* **Brief**: For this exercise, retype all the data exactly and exclude every image.

* **Recorded information**:
☆ ☆ ☆ ☆ ☆

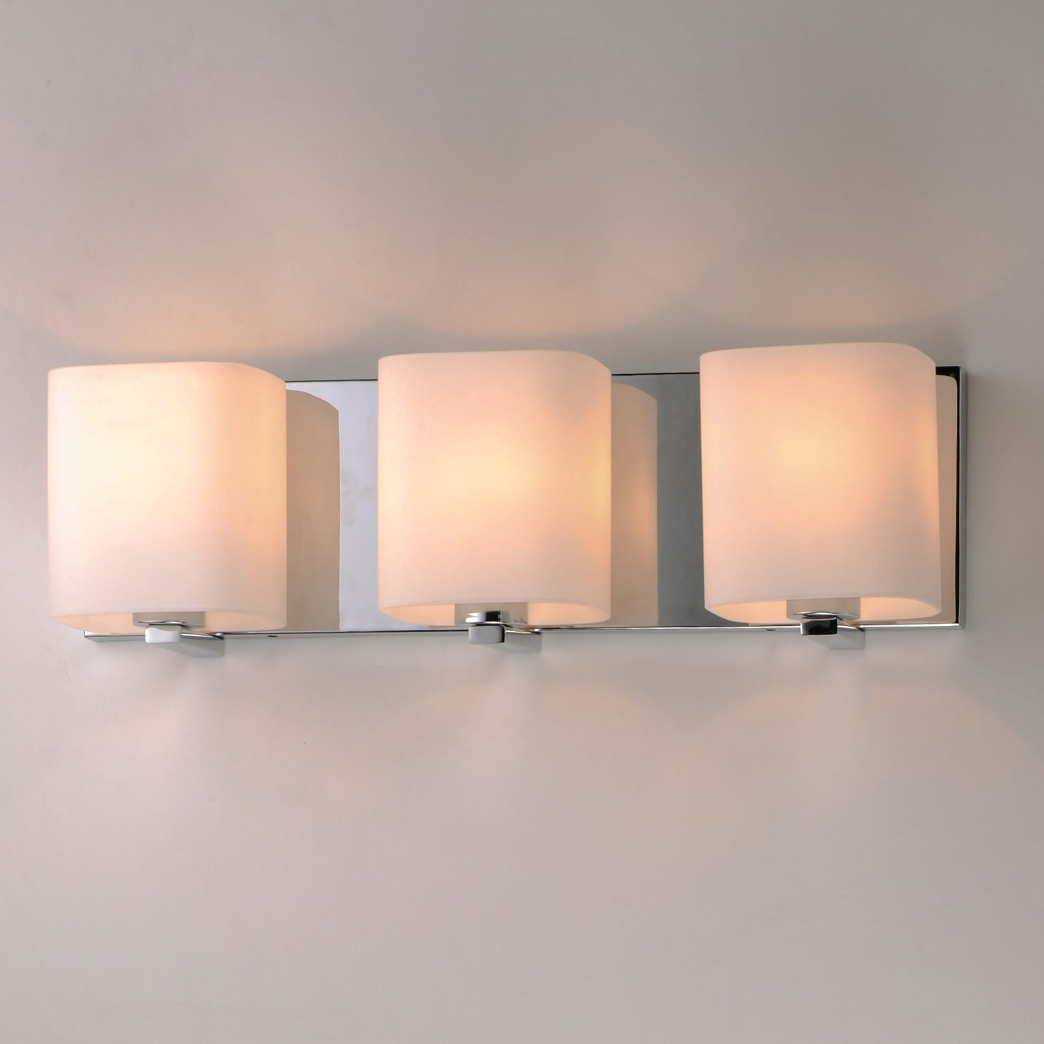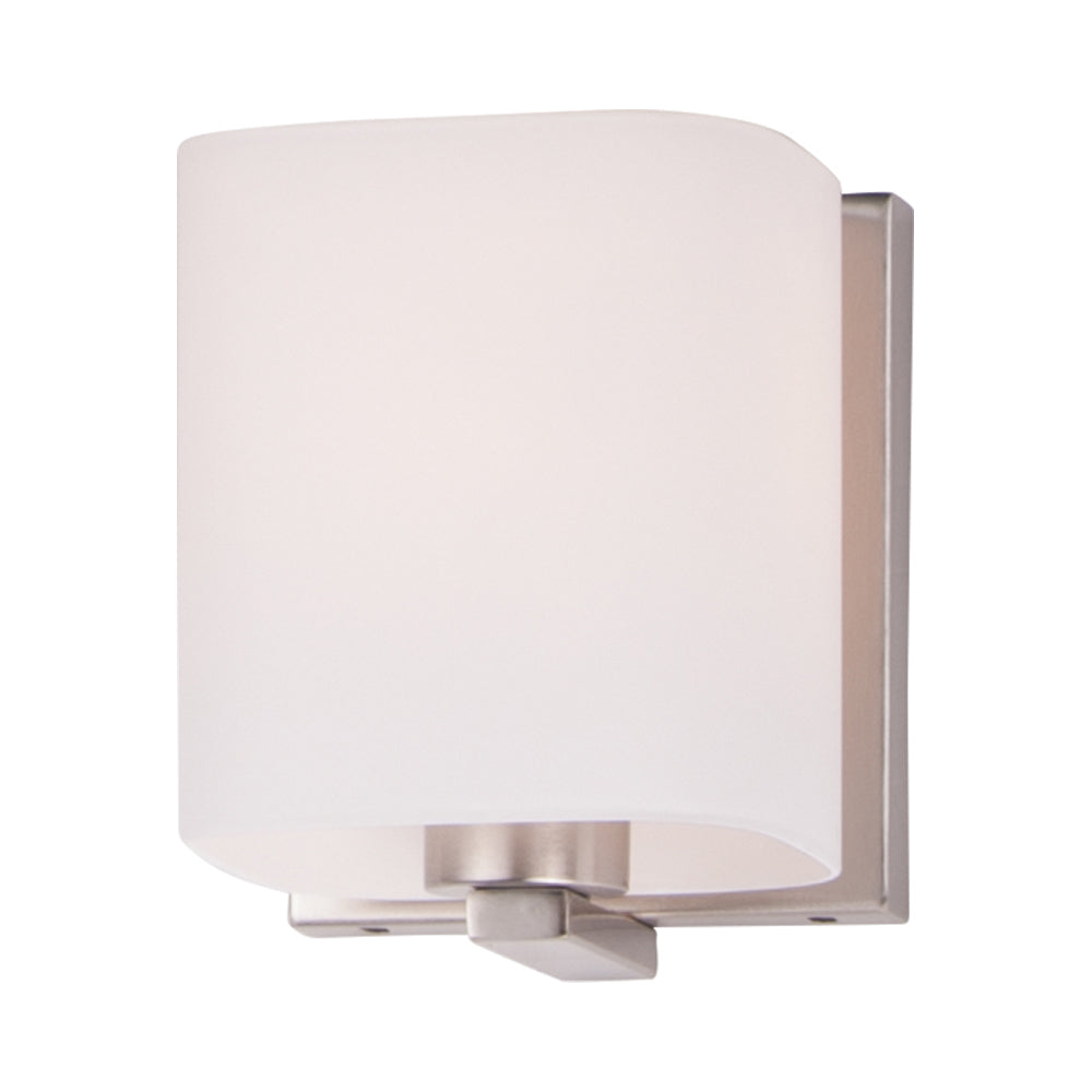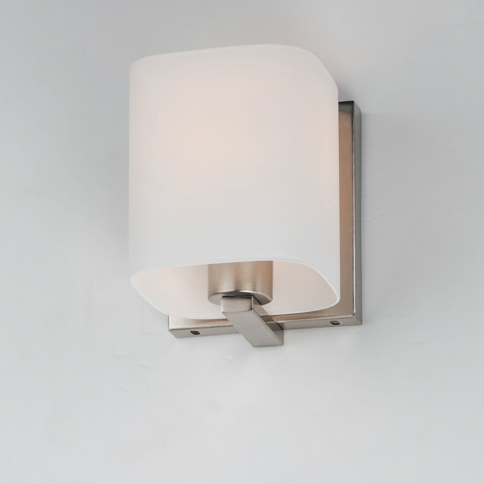 Soft satin white glass bands enrobe the Wrap Bath Vanity Light from Maxim Lighting. Perfect for bright ambient illumination in your bath or at the vanity, it delivers fresh, contemporary style. A metallic backplate is a chic complement.
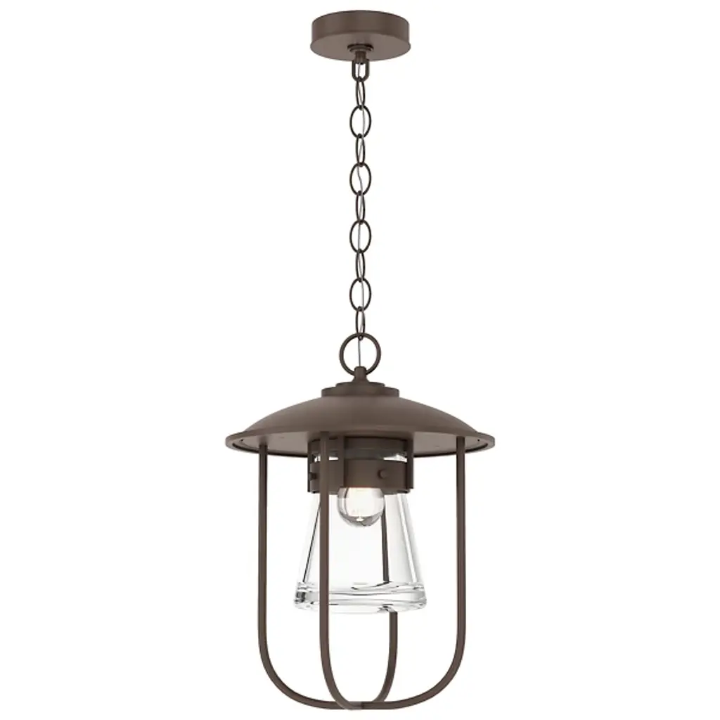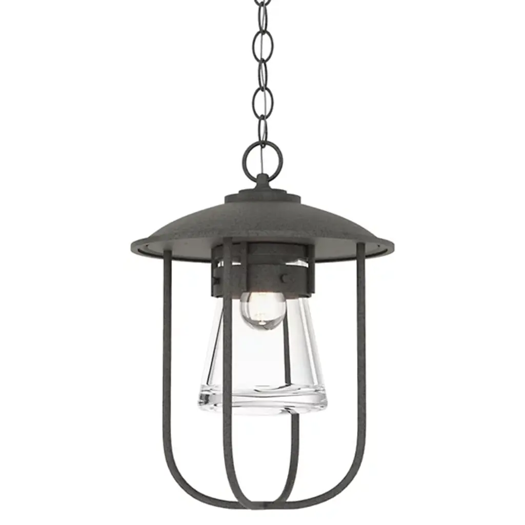 Inspired by New England coastlines, the Erlenmeyer Outdoor Pendant from Hubbardton Forge adds a nautical flair to any outdoor space. This pendant features a thick glass flask-shaped shade and a strong metal cage. A UL damp rating allows for use in virtually any climate and a resistant coastal finish combats even the harshest of weather. Each piece is made to order and handcrafted by artisans in Vermont.
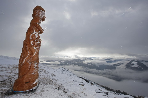 Lunghi, die Holzskulptur, die aus Anlass des 25 jährigen Jubiläums des Bergwaldprojekts geschaffen und auf die Alp über Trin aufgestellt wurde, wacht über den Schutzwald

☆ ☆ ☆ ☆ ☆

* **Exercise result**:
 Soft satin white glass bands enrobe the Wrap Bath Vanity Light from Maxim Lighting. Perfect for bright ambient illumination in your bath or at the vanity, it delivers fresh, contemporary style. A metallic backplate is a chic complement.
 Inspired by New England coastlines, the Erlenmeyer Outdoor Pendant from Hubbardton Forge adds a nautical flair to any outdoor space. This pendant features a thick glass flask-shaped shade and a strong metal cage. A UL damp rating allows for use in virtually any climate and a resistant coastal finish combats even the harshest of weather. Each piece is made to order and handcrafted by artisans in Vermont.
 Lunghi, die Holzskulptur, die aus Anlass des 25 jährigen Jubiläums des Bergwaldprojekts geschaffen und auf die Alp über Trin aufgestellt wurde, wacht über den Schutzwald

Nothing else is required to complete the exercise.